**Exercise goal:** Your copy should begin at the line containing "④最高轉(zhuǎn)速工況" and end at the last line of the records; transcribe those lines exactly and leave out every picture.

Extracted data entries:
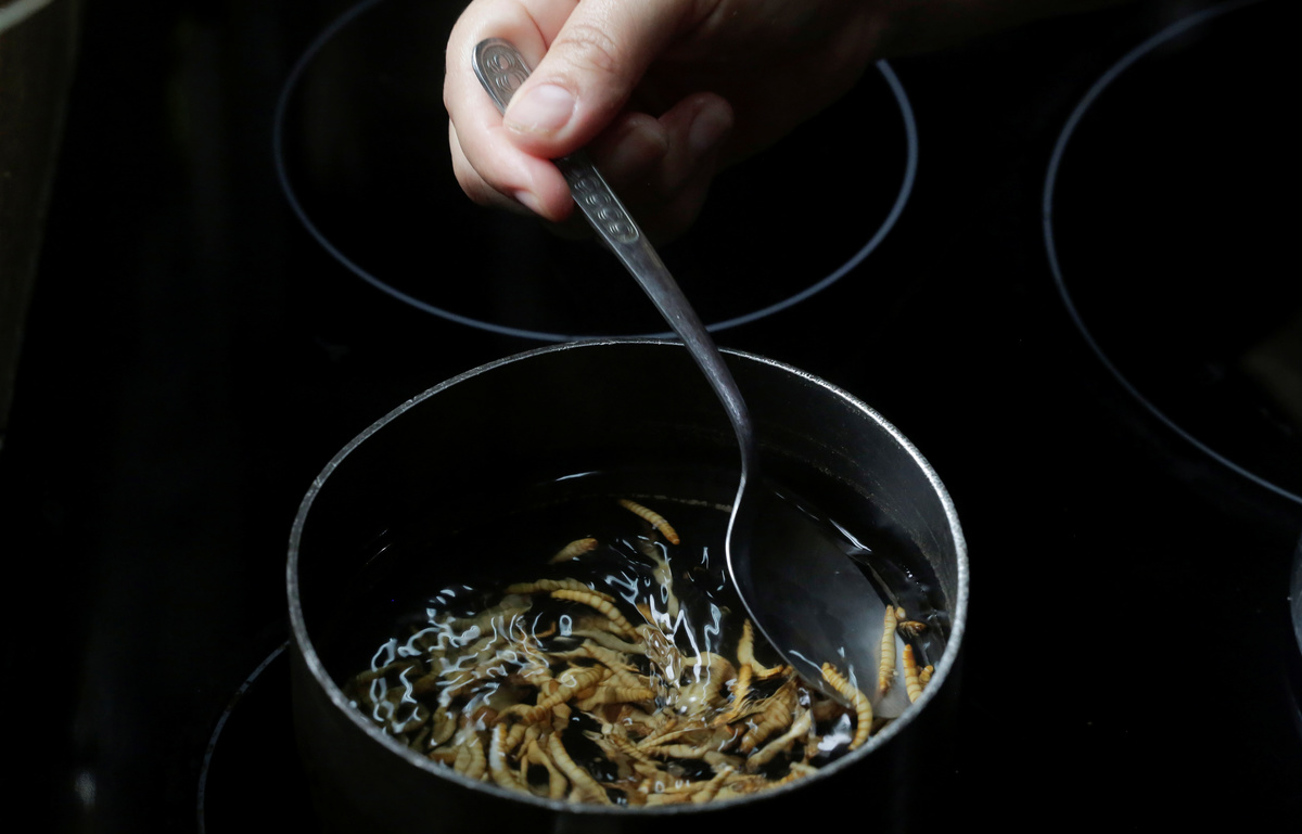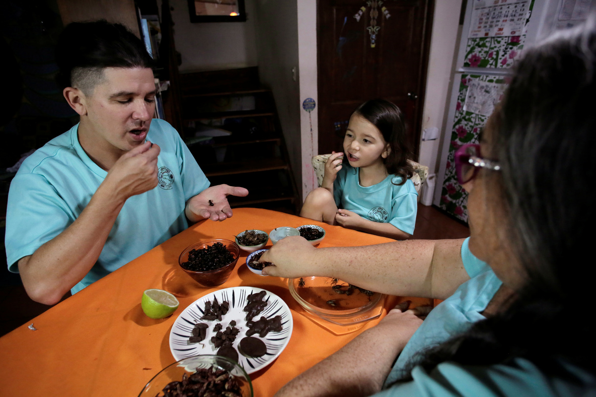 Cricket larvae are pictured in the insect farm for human consumption of the biologist Federico Paniagua, as he is promoting the ingestion of a wide variety of insects, as a low-cost and nutrient-rich food in Grecia, Costa Rica, June 22, 2019. REUTERS/Juan Carlos UlateCosta Rican biologist Federico Paniagua and his wife Gabriela work on their insect farm for human consumption, as he is promoting the ingestion of a wide variety of insects, as a low-cost and nutrient-rich food in Grecia, Costa Rica, June 22, 2019. REUTERS/Juan Carlos UlateAfrican cockroaches are pictured in the insect farm for human consumption of the biologist Federico Paniagua, as he is promoting the ingestion of a wide variety of insects, as a low-cost and nutrient-rich food in Grecia, Costa Rica, June 22, 2019. REUTERS/Juan Carlos UlateAfrican cockroaches are pictured in the insect farm for human consumption of the biologist Federico Paniagua, as he is promoting the ingestion of a wide variety of insects, as a low-cost and nutrient-rich food in Grecia, Costa Rica, June 22, 2019. REUTERS/Juan Carlos UlateAn African cockroach is pictured in the insect farm for human consumption of the biologist Federico Paniagua, as he is promoting the ingestion of a wide variety of insects, as a low-cost and nutrient-rich food in Grecia, Costa Rica, June 22, 2019. REUTERS/Juan Carlos UlateAfrican cockroaches are pictured in the insect farm for human consumption of the biologist Federico Paniagua, as he is promoting the ingestion of a wide variety of insects, as a low-cost and nutrient-rich food in Grecia, Costa Rica, June 22, 2019. REUTERS/Juan Carlos UlateCosta Rican biologist Federico Paniagua, gives a talk about insects for human consumption to students of the University of Costa Rica, as he is promoting the ingestion of a wide variety of insects, as a low-cost and nutrient-rich food in San Jose, Costa Rica, June 18, 2019. Picture taken June 22,2019. REUTERS/Juan Carlos UlateAfrican cockroaches are pictured in the insect farm for human consumption of the biologist Federico Paniagua, as he is promoting the ingestion of a wide variety of insects, as a low-cost and nutrient-rich food in Grecia, Costa Rica, June 18, 2019. Picture taken June 18, 2019. REUTERS/Juan Carlos UlateCosta Rican biologist Federico Paniagua, shows African cockroaches to students during a talk about insects for human consumption at the University of Costa Rica, as he is promoting the ingestion of a wide variety of insects, as a low-cost and nutrient-rich food in San Jose, Costa Rica, June 18, 2019. Picture taken June 22,2019. REUTERS/Juan Carlos UlateGabriela Soto cooks cricket larvae, as her husband biologist Federico Paniagua promoting the ingestion of a wide variety of insects, as a low-cost and nutrient-rich food in Grecia, Costa Rica, June 22, 2019. Picture taken June 22,2019. REUTERS/Juan Carlos UlateA cooked cricket for human consumption is pictured in the house of the biologist Federico Paniagua who is promoting the ingestion of a wide variety of insects, as a low-cost and nutrient-rich food in Grecia, Costa Rica, June 22, 2019. REUTERS/Juan Carlos UlateCooked crickets are pictured in the house of the biologist Federico Paniagua who is promoting the ingestion of a wide variety of insects, as a low-cost and nutrient-rich food in Grecia, Costa Rica, July 13, 2019. REUTERS/Juan Carlos Ulate Cooked cricket larvae are pictured in the house of the biologist Federico Paniagua who is promoting the ingestion of a wide variety of insects, as a low-cost and nutrient-rich food in Grecia, Costa Rica, June 22, 2019. REUTERS/Juan Carlos UlateAbigail daughter of biologist Federico Paniagua, eat a cricket larva, as he is promoting the ingestion of a wide variety of insects, as a low-cost and nutrient-rich food in Grecia, Costa Rica, July 13, 2019. REUTERS/Juan Carlos UlateBiologist Federico Paniagua and family eat insects while promoting the ingestion of a wide variety of insects as low-cost and nutrient-rich food, in Grecia, Costa Rica, July 13, 2019. REUTERS/Juan Carlos UlateGabriela Soto prepares insects for lunch, while her husband biologist Federico Paniagua (unseen) promotes the ingestion of a wide variety of insects as a low-cost and nutrient-rich food, in Grecia, Costa Rica, July 13, 2019. REUTERS/Juan Carlos UlatePrepared insects are pictured at the house of biologist Federico Paniagua, who is promoting the ingestion of a wide variety of insects as a low-cost and nutrient-rich food, in Grecia, Costa Rica, July 13, 2019. REUTERS/Juan Carlos UlateA zompopa ant reared for human consumption is pictured in the insect farm of biologist Federico Paniagua, as he promotes the ingestion of a wide variety of insects as a low-cost and nutrient-rich food, in Grecia, Costa Rica July 13, 2019. REUTERS/Juan Carlos UlateInsects for human consumption that are covered with chocolate are seen in the house of biologist Federico Paniagua, who is promoting the ingestion of a wide variety of insects as a low-cost and nutrient-rich food, in Grecia, Costa Rica, June 22, 2019. REUTERS/Juan Carlos UlateA zompopa ant reared for human consumption is pictured in the insect farm of biologist Federico Paniagua, as he promotes the ingestion of a wide variety of insects as a low-cost and nutrient-rich food, in Grecia, Costa Rica July 13, 2019. REUTERS/Juan Carlos Ulate
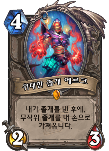ㄴ무한졸개가 불가능한게 졸개도 1코를 먹는다. 전설카드가 아니었으면 평가가 더 좋았을지도 모르겠지만 전설카드라 ㅄ이다.
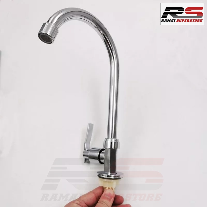 Fungsi : - Keran Cocok untuk di dapur tempat cuci piring - Leher Kran angsa bisa di putar 360 derajat - Model tanam / meja - Ukuran 1/2 Inch - Material Stainless Steel - Dijamin anti karat dan awet - Keluaran aliran air lebih halus
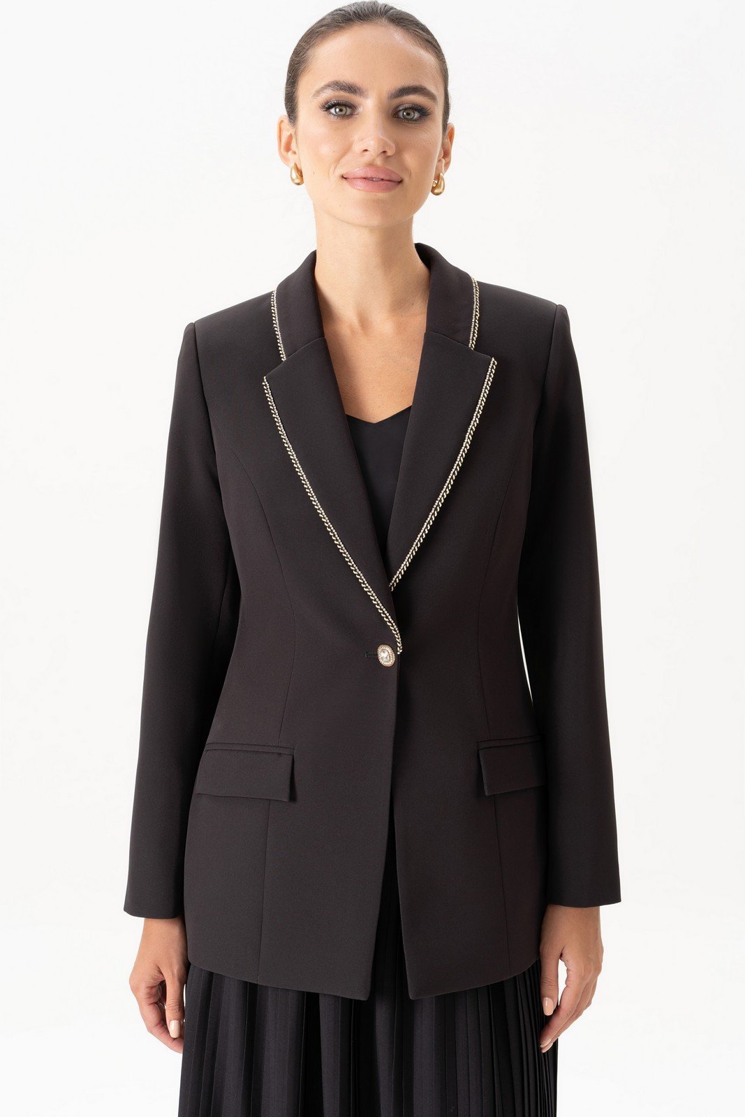 Элегантный черный комплект, который гармонично сочетает строгость и утонченность. Удлиненный жакет с идеальной посадкой, дополненный изысканной цепочной отделкой по лацканам, придает образу нотку благородства. Плиссированная юбка добавляет легкость и динамику, подчеркивая женственность и стиль. Этот ансамбль — идеальный выбор для делового ужина, торжественного мероприятия или официальной встречи. Завершите образ минималистичными аксессуарами и классическими туфлями на каблуке для создания безупречного впечатления.
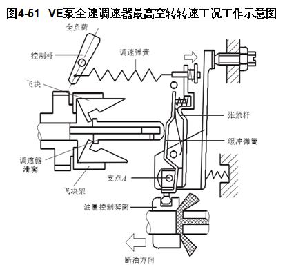 ④最高轉(zhuǎn)速工況。如圖4-51所示,當(dāng)控制桿在全負(fù)荷位置時(shí),隨著負(fù)荷的減小,柴油機(jī)轉(zhuǎn)速上升,使飛塊的離心力作用于調(diào)速器滑套上的力大于調(diào)速?gòu)椈傻膹椓?,則張緊桿與支承桿繞A點(diǎn)順時(shí)針轉(zhuǎn)動(dòng),使循環(huán)供油量減小,柴油機(jī)轉(zhuǎn)速便穩(wěn)定在相應(yīng)的工況下,直到外界負(fù)荷為零,通過(guò)調(diào)節(jié)循環(huán)供油量,使之保持最高穩(wěn)定轉(zhuǎn)速。
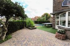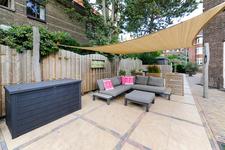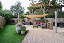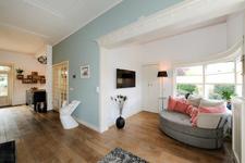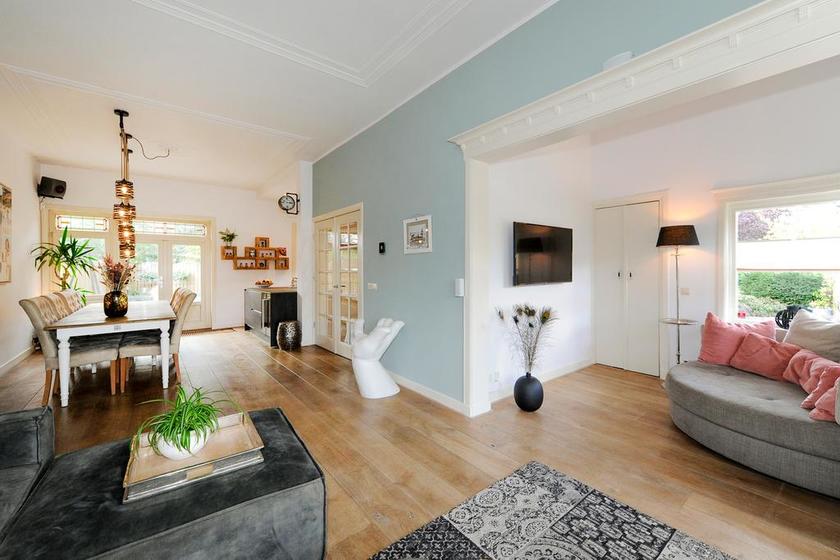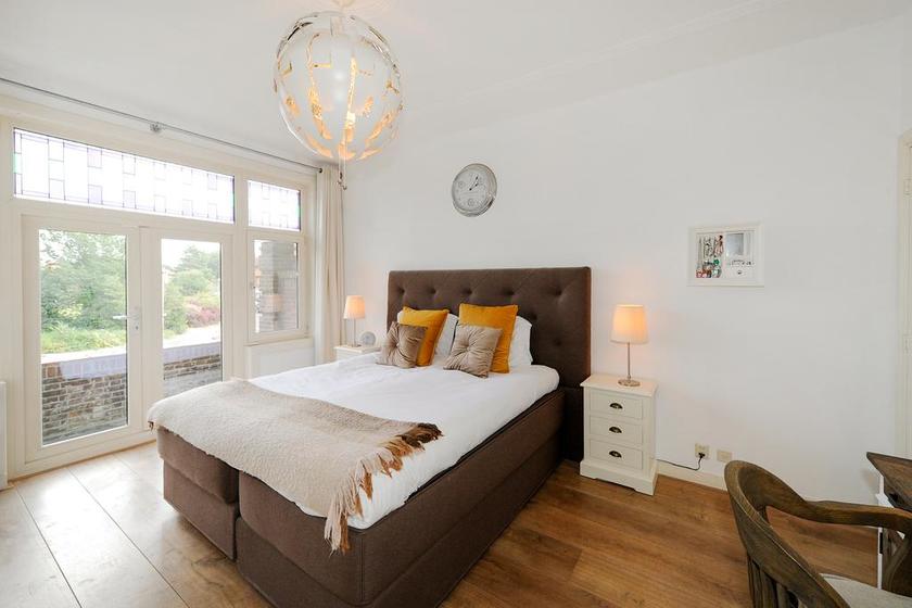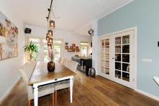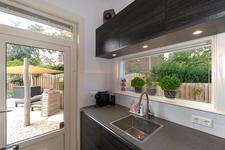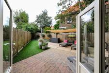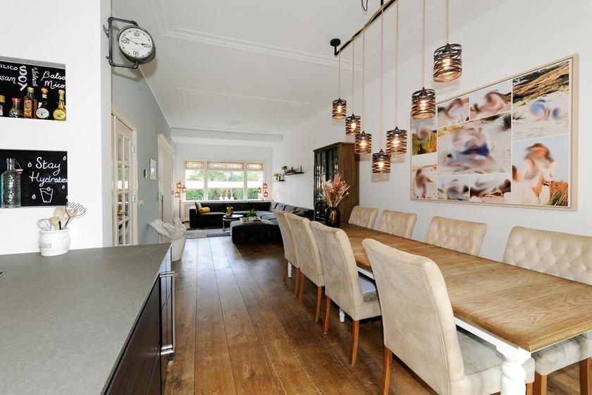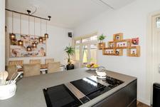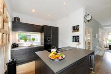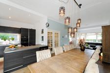Dubbele deuren naar de royale, lichte L-vormige woon-/eetkamer. In de achterkamer bieden openslaande deuren toegang tot de tuin. De keukenruimte is in semi-open verbinding met de eetkamer, heeft een deur naar de achtertuin en is ingericht met een eigentijdse opstelling met inbouwapparatuur (koel- en vrieskast, inductie-kookplaat met geďntegreerde afzuiginstallatie, oven, magnetron, vaatwasser en wijnkoelkast) en kook-schiereiland.
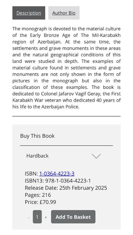 UNEC-in “Humanitar fənlər” kafedrasının dosenti, t.ü.f.d. Cəmilə Həsənovanın Qarabağın arxeologiyasına dair ingilis dilində yazdığı “Material Culture of the Early Bronze age of the Mil-Karabakh Region of Azerbaijan” adlı kitabı İngiltərənin Nyukasl-apon Tayn şəhərində yerləşən Cambridge Scholars Publishing (CSP) akademik kitab nəşriyyatında çap olunub.

**Response for this exercise:**
 ④最高轉(zhuǎn)速工況。如圖4-51所示,當(dāng)控制桿在全負(fù)荷位置時(shí),隨著負(fù)荷的減小,柴油機(jī)轉(zhuǎn)速上升,使飛塊的離心力作用于調(diào)速器滑套上的力大于調(diào)速?gòu)椈傻膹椓?,則張緊桿與支承桿繞A點(diǎn)順時(shí)針轉(zhuǎn)動(dòng),使循環(huán)供油量減小,柴油機(jī)轉(zhuǎn)速便穩(wěn)定在相應(yīng)的工況下,直到外界負(fù)荷為零,通過(guò)調(diào)節(jié)循環(huán)供油量,使之保持最高穩(wěn)定轉(zhuǎn)速。
Dubbele deuren naar de royale, lichte L-vormige woon-/eetkamer. In de achterkamer bieden openslaande deuren toegang tot de tuin. De keukenruimte is in semi-open verbinding met de eetkamer, heeft een deur naar de achtertuin en is ingericht met een eigentijdse opstelling met inbouwapparatuur (koel- en vrieskast, inductie-kookplaat met geďntegreerde afzuiginstallatie, oven, magnetron, vaatwasser en wijnkoelkast) en kook-schiereiland.
 UNEC-in “Humanitar fənlər” kafedrasının dosenti, t.ü.f.d. Cəmilə Həsənovanın Qarabağın arxeologiyasına dair ingilis dilində yazdığı “Material Culture of the Early Bronze age of the Mil-Karabakh Region of Azerbaijan” adlı kitabı İngiltərənin Nyukasl-apon Tayn şəhərində yerləşən Cambridge Scholars Publishing (CSP) akademik kitab nəşriyyatında çap olunub.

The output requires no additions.